--- Data section ---

....

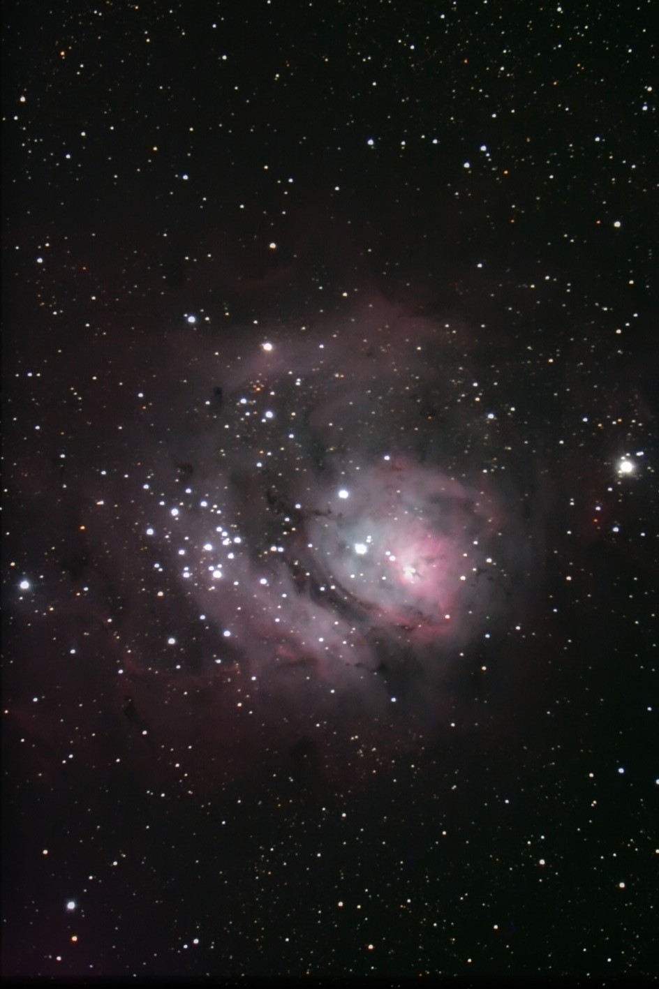 El relato: Nada mas llegar me pegué un pequeño susto y pensaba que me quedaría sin hacer fotos esta noche. Al sacar todo el equipo me di cuenta de que no había traído la fuente de alimentación para el telescopio, (power tank) . pero poco despúes me dí cuenta que podíamos enchufarlo al coche, jaja, claro.. como nunca lo hago, no se me había ocurrido en un principio. Asique después del susto montamos los telescopios.Vimos pasar un par de iridiums y bastantes satélites. La verdad es que apunté a Júpiter, pero no lo llegué a observar, puesto que lo hice ya con la cámara de fotos acoplada y solo saqué un par de fotos para enfocar. Después me dediqué a sacar fotos de cielo profundo con el C8, entre otras M8, M2 M25, M13, M31. Mientras Manuel y yo observabamos con el ETX 70 recuerdo ver M13 estupéndamente. También Manuel sacó alguna foto con la Canon 400D sobre un trípode y despues en piggyback.
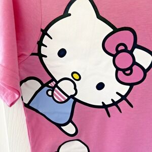 Product by Sanrio 2024. Pink with Kittys all over front and back. Super cute t-shirt. Size large Girls, Youth.
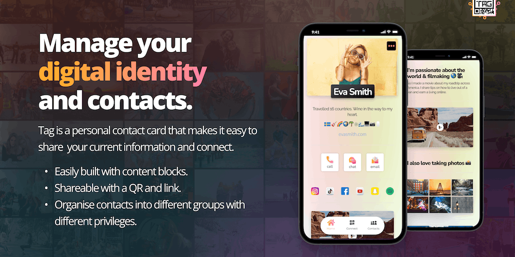 Tired of having your information and contacts scattered across the internet? With Tag, you can bring it all into one place and easily share it with a QR or link. Keep contacts organised with groups an

....

--- Exercise goal ---
Your task is to repeat only the lines from the line containing "Product by Sanrio" through the final line of the material, inclusive; do not include pictures.

--- Task result ---
 Product by Sanrio 2024. Pink with Kittys all over front and back. Super cute t-shirt. Size large Girls, Youth.
 Tired of having your information and contacts scattered across the internet? With Tag, you can bring it all into one place and easily share it with a QR or link. Keep contacts organised with groups an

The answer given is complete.